Differential privacy was one of the features in the 2021 Gartner’s Hype Cycle. It is a niche research area and has gained much relevance in recent years due to heightened awareness of privacy and security issues in modern systems. Once considered a luxury, privacy has become a mandate now. Combine that with strict policy frameworks like CCPA and GDPR, the overall context of privacy becomes much more serious than ever.
Speaking about the changing world of privacy with a focus on differential privacy was Manoj Kumar Rajendran, a Principal Data Scientist at MiQ Digital India. He presented at a tech talk, titled, ‘Understanding and Leveraging Differential Privacy’, on Day 1 of the Deep Learning Developer Conference 2021.
Sign up for your weekly dose of what's up in emerging technology.
“At MiQ, most work we do revolves around the usage of third party cookies. As we speak, the world is moving away from these third party cookies. Google recently announced that next year onwards, they will not be supporting 3rd party cookies anymore. We already have a cookieless scheme at MiQ which aims at preparing us for a world where privacy is a major deciding factor. At MiQ, we use 1000s of data vendors, and we collect huge amounts of data. Some of this information may not be available in a differentially private world. The onus is on every one of us to make the data and process private,” said Rajendran about the role of privacy at his parent company.
Conventional methods not enough
To demonstrate that classic and conventional methods of ensuring privacy, like hashing, are just not enough, Rajendran spoke about two prominent instances.
In 2005, streaming platform Netflix hosted a competition where they asked participants to determine the ratings that a user will give based on their movie rating history and the kind of movies they watched. The competition had to be prematurely scrapped for privacy reasons. University of Texas’ students were successfully able to identify the users that were hashed. Netflix team’s assumption that merely hashing user data would stall privacy attacks proved terribly wrong as they forgot to take into account one of the most important components — linkage attack. Merely a few hours into the competition, these students were even able to link all the user data to the data present with the IMDB rating database.

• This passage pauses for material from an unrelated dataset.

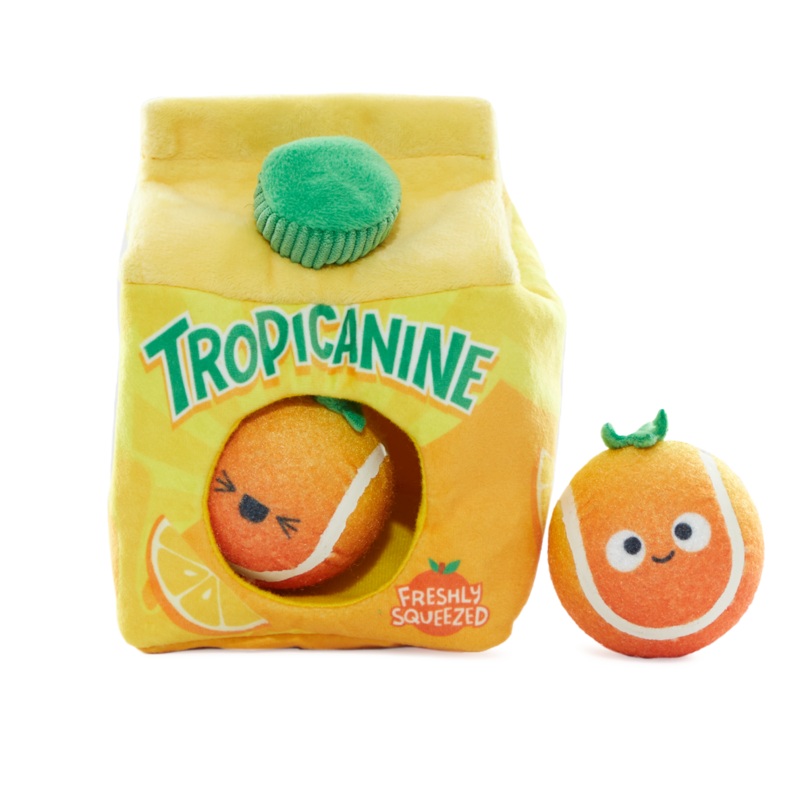 This orange juice dog toy is ripe for the playtime picking. Fresh Squeaked OJ has two squeaky tennis balls that make fetch especially adorable. The plush carton is packed with Vitamin C (that stands for crazy crinkle) and vitamin squeak! Hide some treats i

Another popular incident happened in New York City. Under the Freedom of Information request, the city admin released the data of all the taxi trips that happened in the last one year in the city. To ensure that all this data is privacy preserved, they hashed vital information like cab information, driver details, the number plate, etc. Like in the case of Netflix, it did not take more than a few hours for the hackers to retrieve all the data using hash decoders. In some cases, this information was linked with easily available information on public figures, creating a much bigger breach of privacy problem.
“These two incidents show that hashing and data anonymisation in a conventional way will not guarantee privacy,” said Rajendran.
Randomised Response & Differential Privacy
Many surveys have been using the concept of randomised response for quite some time now. Randomised response helps in understanding the overall response of the population rather than concentrating on individual choices.
To demonstrate this concept more clearly, Rajendran used the example of a survey to determine the number of smokers. For this example, he followed a simple randomised process, in which solving a simple equation could render the number of people who smoke. “I do not identify which person actually smokes. This means I learnt about the population, but I did not learn about a specific individual. It is an age-old technique and forms the backbone for differential privacy,” he added. Differential privacy is when the output is masked with random noise.
Credit: Manoj Kumar Rajendran
Rajendran also spoke about an interesting concept of ‘budget’ in differential privacy. This budget puts a limit on the amount of information that can be accessed. When a certain threshold is crossed, the system blocks additional pieces of information to be accessed.
Another aspect of differential privacy is deciding how much noise to be added. It should maintain privacy, but at the same time, it should render the database totally unusable. It is on the database management to decide the appropriate amount of noise.
Differential privacy existed from a long time ago but has been gaining traction of late. Interestingly, the latest US Census data was completely differentially private. Tech giants like Apple, too, have implemented local differential privacy in their systems.